According to Hitwise, as of August 2007 FanFiction.Net comprised 34.7% of all traffic directed to sites in the Entertainment, Books and Writing category. For the week ending August 25, 2007, the site was ranked 159 out of over 1 million websites in terms of hits.[7]

Criticism

Quality control is one of the many issues associated with the archive. Stories can be posted regardless of editing or proofreading, and the quality of the work is dependent entirely upon the individual writer.

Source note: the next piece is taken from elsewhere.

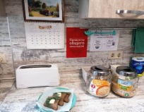 С 7 до 11 утра на ПРОСТОРНЕЙШЕЙ и чистой кухне выставляют два вида каши, а в холодильнике ждёт молоко + всегда можно взять бесплатный чай (чёрный и зелёный). Всё это бесплатно. И так каждое утро.Холодильников, кстати, тоже два,как и микроволновок. Есть плита,чайник,то есть все самое необходимое.Чистая не только кухня, но и уже упомянутые выше туалеты и душевые.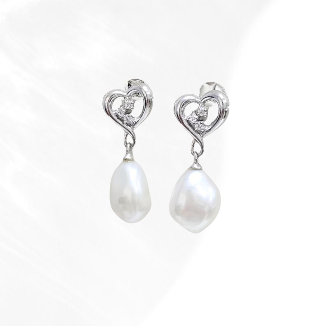 WHITE FRESHWATER BAROQ MINI HEART DANGLING EARRING WITH CZ

There was also criticism towards the management of reviews; for awhile, there was no way to delete or hide spam or "flames" from logged-in users, nor was there any type of moderation for reviews. However, on November 28, 2007, FanFiction.Net introduced the ability to report offensive reviews to the administrators of the site. Proponents of flaming being banned entirely, however, criticize the system, describing it as "hollow and of no use at all to anyone." The site's creators stated that everyone has the right to say what they want in a review and review a story as they see fit. They also went on to state that banning some flamers would be violating individual rights.[8]

Spam and flaming can be prevented through use of the block feature which prevents private messages and signed-reviews and use of personal forums from registered users. An option to disable anonymous reviews exists as well. Recently, a new feature was added which enabled the user to toggle profanity in reviews and forums on and off. This was intended to be implemented for stories as well for the lower ratings but, due to reactions from users, the attempt was abandoned.[citation needed]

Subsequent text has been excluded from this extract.